Jessica sent me a note earlier, saying that she felt "God's urgency". Yes, there are NEEDS all around us. 

Proverbs 30:15-16

 "The leech has two daughters. 
       'Give! Give!' they cry. 
       "There are three things that are never satisfied, 
       four that never say, 'Enough!':

  the grave,  the barren womb, 
       land, which is never satisfied with water, 
       and fire, which never says, 'Enough!'


How do we response then? Where should we go? 

Let's quiet ourselves, seek Him, and learn His direction in our lives. Let's not settle in our comfort zone, let's not be complacent about what we see. Rise up, at least in your community! Reach out! We need to be sensitive and proactive to lift them out of the trash and ashes! 

Move on earnestly, praising Him for the work that God had done and is doing. Move on fast! For the time is near. 

I love you. Let's work and gather workers around us to work together to the Harvest! to the END TIME.

Useful links for ministries needs in Malaysia: Tenagalita (Human Rights for Migrant Workers), Malaysiakini (Politics)

Sunday, May 11, 2008

National Police Agency statistics that showed 47.8 percent of the 1,052 murder and attempted murder cases in 2007 involved people attacking family members. The ratio was 46.9 percent in 2006 and 39.1 percent in 1997. (family-murder-suicide)

Saturday, May 10, 2008

Continue Intercede!

Thank you for your earnest prayers for Japan in past few weeks! The internet suicide influence had slow down for almost ten days now. There were still suicide news, yet we are hoping that this will come to an end SOON! 

Please continue to press in in interceding! There are prayer points that I would like you to consider.

The Internet providers had not really seriously decided to delete the harmful contents in the website. Check this out. Although it seems that the news release was quite assuring that they are going to delete the harmful contents, yet until April 25, nothing had been done. (Please refer to the earlier news release that I sent).  

About what to delete, and what not, there is another thing that I wish to gain your attention with: "However, recently sites such as secret school sites in which junior high and high school students post slanderous comments about other people have appeared, and providers have had a hard time deciding whether or not the information is harmful and whether they should delete it."  

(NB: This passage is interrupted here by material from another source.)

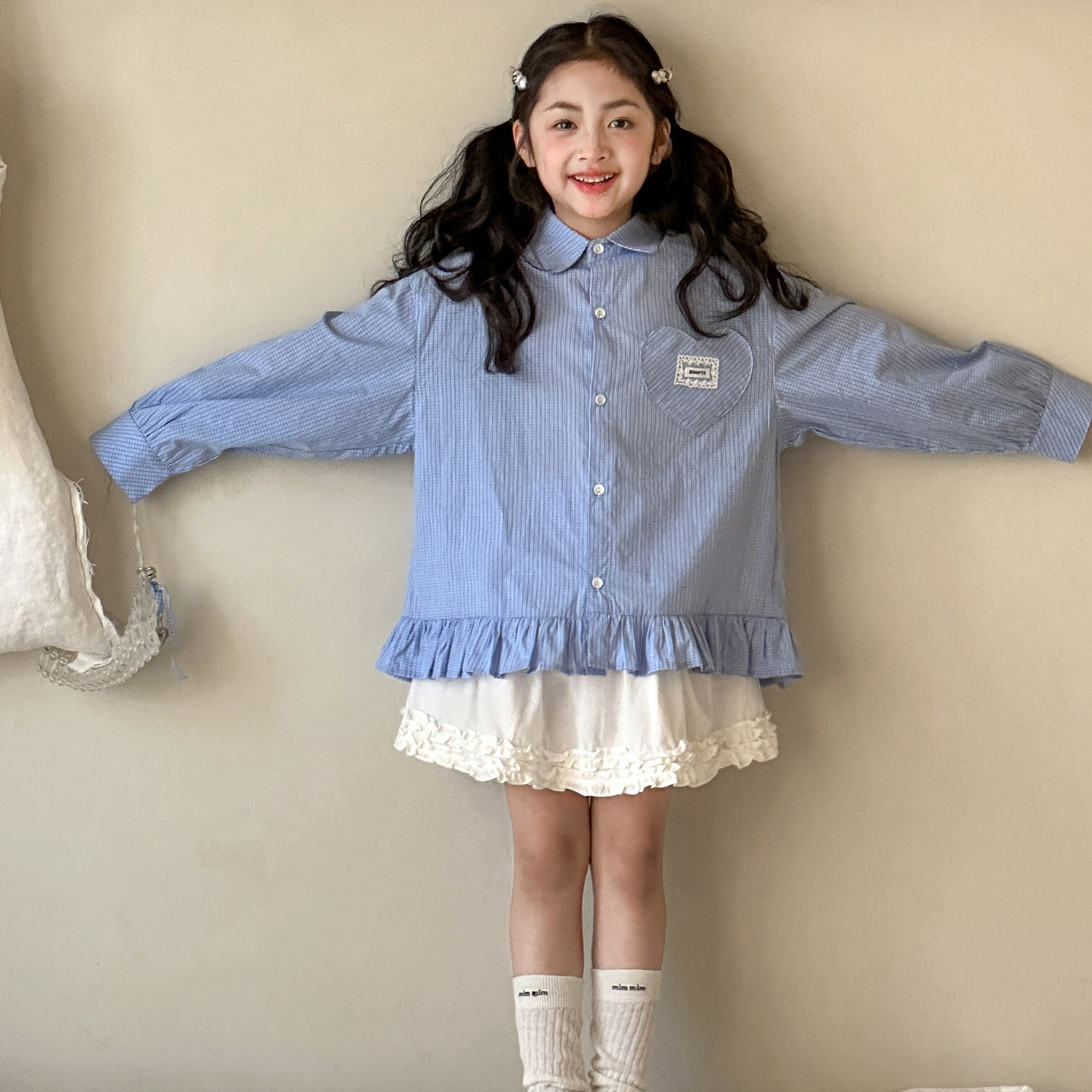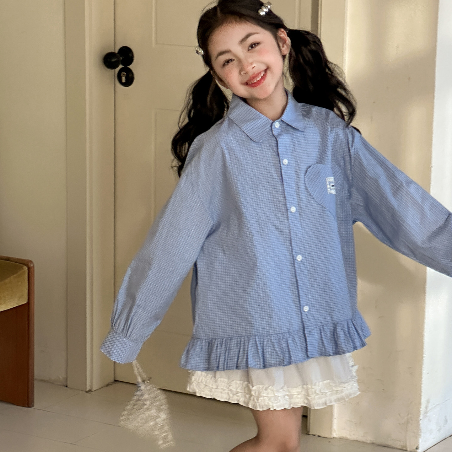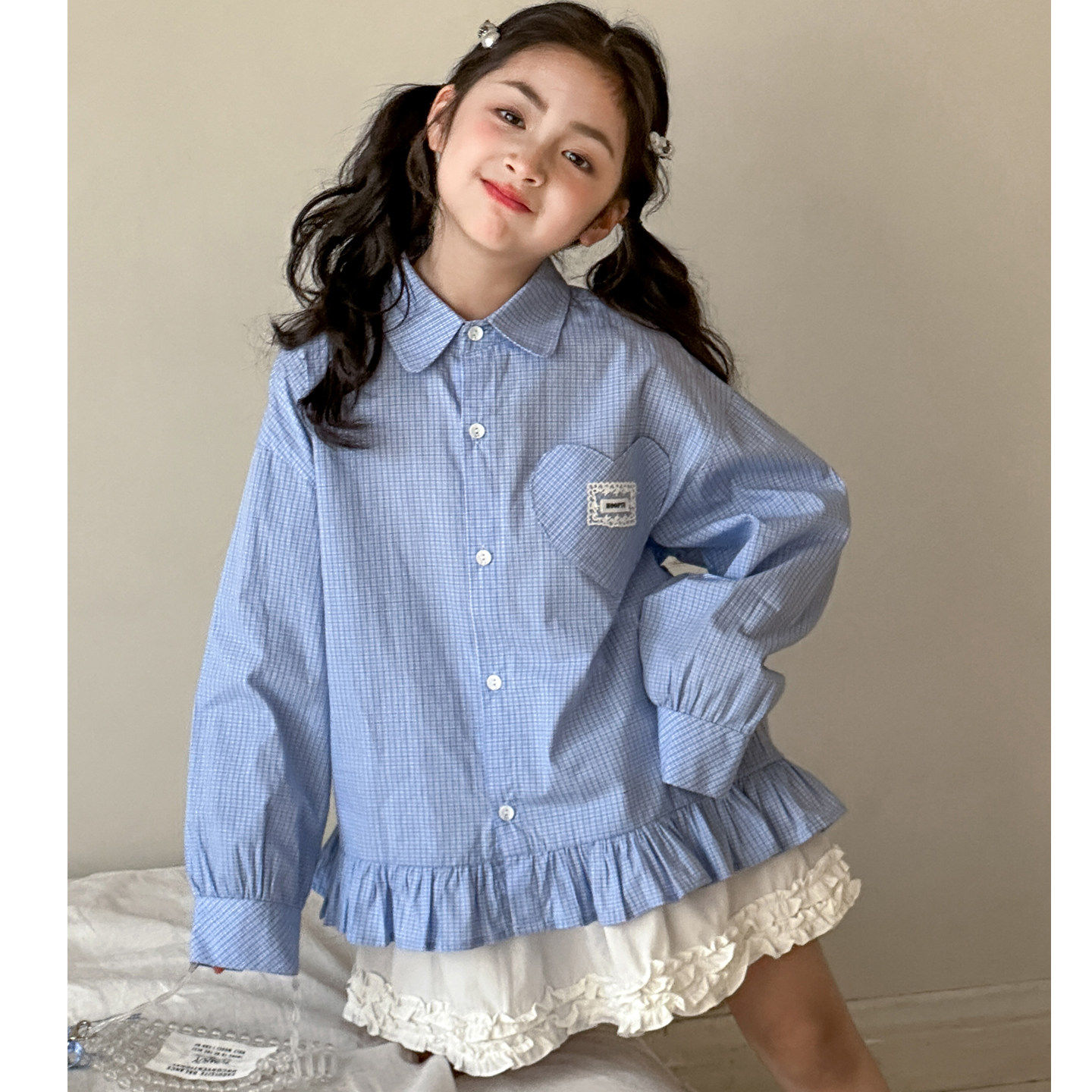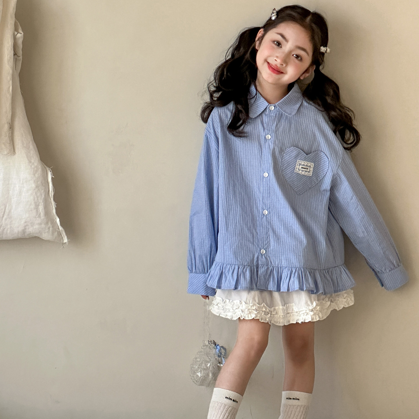 女童长袖衬衫春装2026新款初中生早春穿搭格子上衣女大童春季衬衣

The slanderous comments about other people had been another form of destructive school bullying - Ijime. It had suspected to lead to suicide and social isolation of a number of students. However there is no official reports from school or police. However this had caused serious attention of the media since 2 years back.

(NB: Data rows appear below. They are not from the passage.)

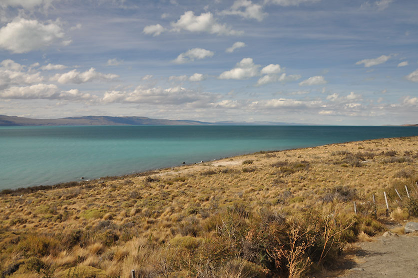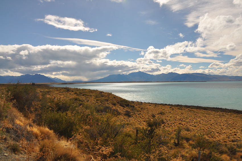 weite Landschaft und entlang des türkisfarbenen Lago Argentino
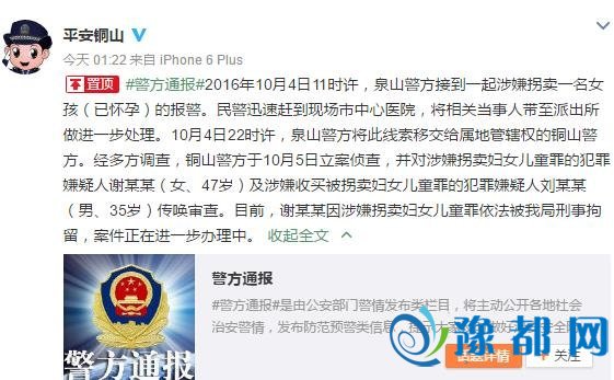 据@平安铜山 消息,2016年10月4日11时许,泉山警方接到一起涉嫌拐卖一名女孩(已怀孕)的报警。民警迅速赶到现场市中心医院,将相关当事人带至派出所做进一步处理。
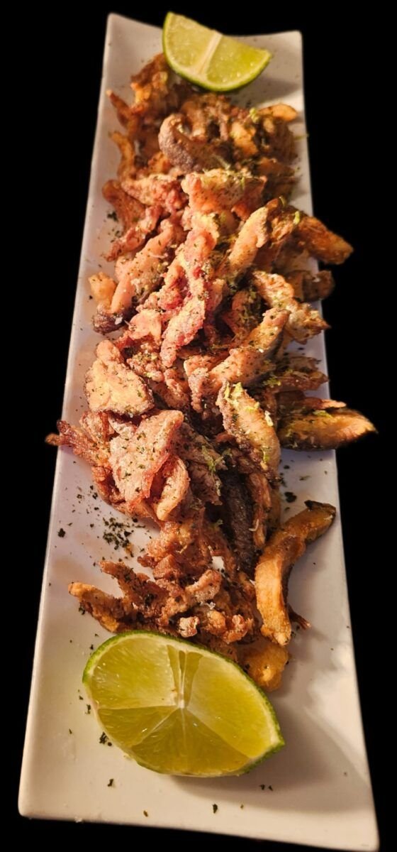Elaborado con seta shitake y seta ostra, rebozados y fritos con ese toque de alga nori, lima y crujiente
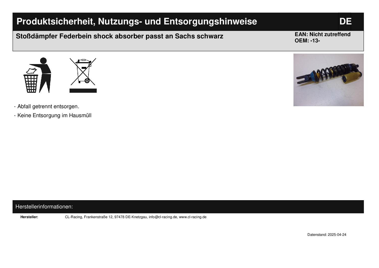 In dieser Auktion gibt es folgenden Artikel zu kaufen: Stoßdämpfer (siehe Foto) Modell: unbekannt Bj.: unbekannt Details: Sachs (steht auf dem Stoßdämpfer) Lieferumfang: siehe Foto Artikelzustand: normale Gebrauchsspuren vorhanden; wird als defekt verkauft, da Stoßdämpfer nicht dicht ist; Zustand siehe Foto! Bei Unklarheiten oder Fragen bitte erst E-Mail schreiben.
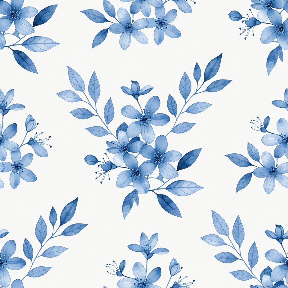 A seamless pattern features clusters of delicate blue watercolor flowers with green leaves on a white background. The flowers have multiple petals and fine details, repeating in a symmetrical floral design. The illustration style gives a soft, artistic appearance ideal for backgrounds or textiles.
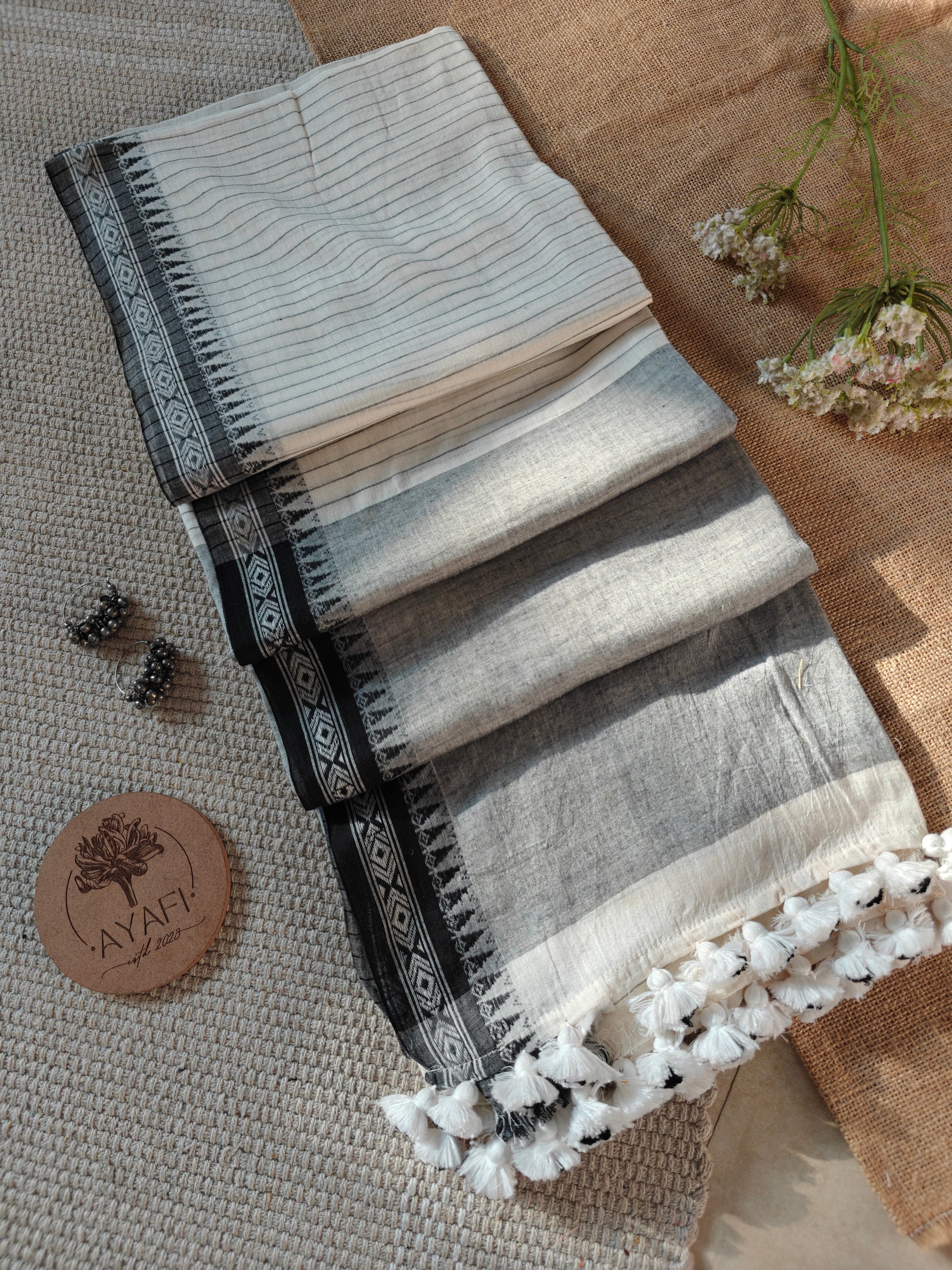 Wrap yourself in elegance with our Soulful Weaves range of sarees - handwoven masterpieces that celebrate tradition with a modern edge. This saree features a delicate blend of hues, elevated by a striking contrast pallu & border that adds definition & flair.

Suicide as a result of Ijime had always under covered. Yesterday a 12 years old boy jumped down from his Tokyo apartment. Was he one of the victim? we don't know. 

Remember the areas without church! 
The church is reviving in some places in Japan. We praise God for that! We still have a lot to do! There are many in Japan who live in a circle without any church or any Christians in their community. Let's pray for workers, not only in the campus, but elemental and secondary schools. Let's pray for revival not only in the cities, but the rural areas like Nagano, Akita, Aomori, Iwate, Wakayama, Ishikawa etc. Some works had been started in some of these place, still there is a lot to be done!
 
Please, remember the Japanese in your prayers!  
Prayer points: 
1. The chance of life. 
2. Empty hearts to be filled. 
3. Opportunity to learn and experience Jesus. 
4. The responsibility of the net providers.
5. Shut down of secret school sites. 
6. Shut down of internet suicide sites. 
7. Pray against Ijime, the school bullying.